为揭示不同pH对Cu-CS纳米棒的化学动力学性能的影响, 本实验将3Cu-CS和CS纳米棒分散于pH 6.0或pH 7.4的含H2O2 (100 mmol/L)的乙酸钠缓冲溶液中, 保持3Cu-CS和CS纳米棒在反应体系中的终浓度为1 mg/mL, 然后立即加入30 μL的TMB乙醇溶液(10 mg/mL), 反应20 min后, 检测溶液的紫外-可见光吸收光谱。
1.8 水凝胶的化学动力学性能检测
按上述1.7节的方法分析Cu-CS纳米棒复合水凝胶的化学动力学性能。将不同Cu-CS添加量的水凝胶置于含有H2O2 (100 mmol/L)的pH 6.0的乙酸钠缓冲溶液中, 其最终浓度为0.1 g/mL, 然后立即加入30 μL的TMB乙醇溶液(10 mg/mL), 反应60 min后, 检测溶液的紫外-可见光吸收光谱。
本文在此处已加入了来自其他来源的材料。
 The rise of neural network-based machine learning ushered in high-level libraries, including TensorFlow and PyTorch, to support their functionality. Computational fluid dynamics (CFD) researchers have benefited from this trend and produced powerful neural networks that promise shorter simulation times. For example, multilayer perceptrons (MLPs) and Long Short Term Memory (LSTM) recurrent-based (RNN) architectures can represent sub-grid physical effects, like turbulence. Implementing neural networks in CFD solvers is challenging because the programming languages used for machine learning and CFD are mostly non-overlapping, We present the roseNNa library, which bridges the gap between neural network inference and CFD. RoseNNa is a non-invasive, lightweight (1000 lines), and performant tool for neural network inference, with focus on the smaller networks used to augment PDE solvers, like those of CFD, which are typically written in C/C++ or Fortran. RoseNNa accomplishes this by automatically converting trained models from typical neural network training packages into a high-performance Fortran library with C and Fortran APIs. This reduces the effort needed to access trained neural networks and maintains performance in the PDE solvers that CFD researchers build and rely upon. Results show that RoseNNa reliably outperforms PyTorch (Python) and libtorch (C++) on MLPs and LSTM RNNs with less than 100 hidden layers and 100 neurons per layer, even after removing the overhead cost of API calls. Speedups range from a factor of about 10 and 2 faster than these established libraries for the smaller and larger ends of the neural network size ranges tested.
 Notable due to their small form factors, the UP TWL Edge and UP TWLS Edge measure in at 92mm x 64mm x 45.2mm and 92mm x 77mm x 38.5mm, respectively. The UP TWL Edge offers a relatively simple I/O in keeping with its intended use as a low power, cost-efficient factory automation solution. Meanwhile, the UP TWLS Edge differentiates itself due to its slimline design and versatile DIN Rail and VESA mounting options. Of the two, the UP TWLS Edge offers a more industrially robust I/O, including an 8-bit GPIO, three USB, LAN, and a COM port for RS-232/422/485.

为探究Cu-CS/SA水凝胶随时间变化的化学动力学性能, 将20%-Cu-CS/SA水凝胶置于含有H2O2 (100 mmol/L)的pH 6.0的乙酸钠缓冲溶液中, 其最终浓度为0.1 g/mL, 然后立即加入30 μL的TMB乙醇溶液(10 mg/mL), 每隔5 min利用多功能酶标仪检测一次溶液的紫外-可见光吸收光谱。
为探究Cu-CS/SA水凝胶在没有H2O2情况下随时间变化的化学动力学性能, 将20%-Cu-CS/SA水凝胶置于不含H2O2的pH 6.0的乙酸钠缓冲溶液中, 其最终浓度为0.1 g/mL, 然后立即加入30 μL的TMB乙醇溶液(10 mg/mL), 每隔5 min利用多功能酶标仪检测一次溶液的紫外-可见光吸收光谱。
为探究TMB随时间变化的化学动力学性能, 将30 μL的TMB乙醇溶液(10 mg/mL)加入到含有H2O2 (100 mmol/L)的pH 6.0的乙酸钠缓冲溶液中, 每隔5 min利用多功能酶标仪检测一次溶液的紫外-可见光吸收光谱。
为探究H2O2 浓度对Cu-CS/SA水凝胶的化学动力学性能的影响, 将20%-Cu-CS/SA水凝胶置于含不同浓度H2O2 (50、75、100 mmol/L)的乙酸钠缓冲溶液(pH 6.0)中, 保持20%-Cu-CS/SA水凝胶在反应体系中的浓度为0.1 g/mL, 然后立即加入30 μL的TMB乙醇溶液(10 mg/mL), 每隔5 min检测一次溶液在652 nm处的吸光值。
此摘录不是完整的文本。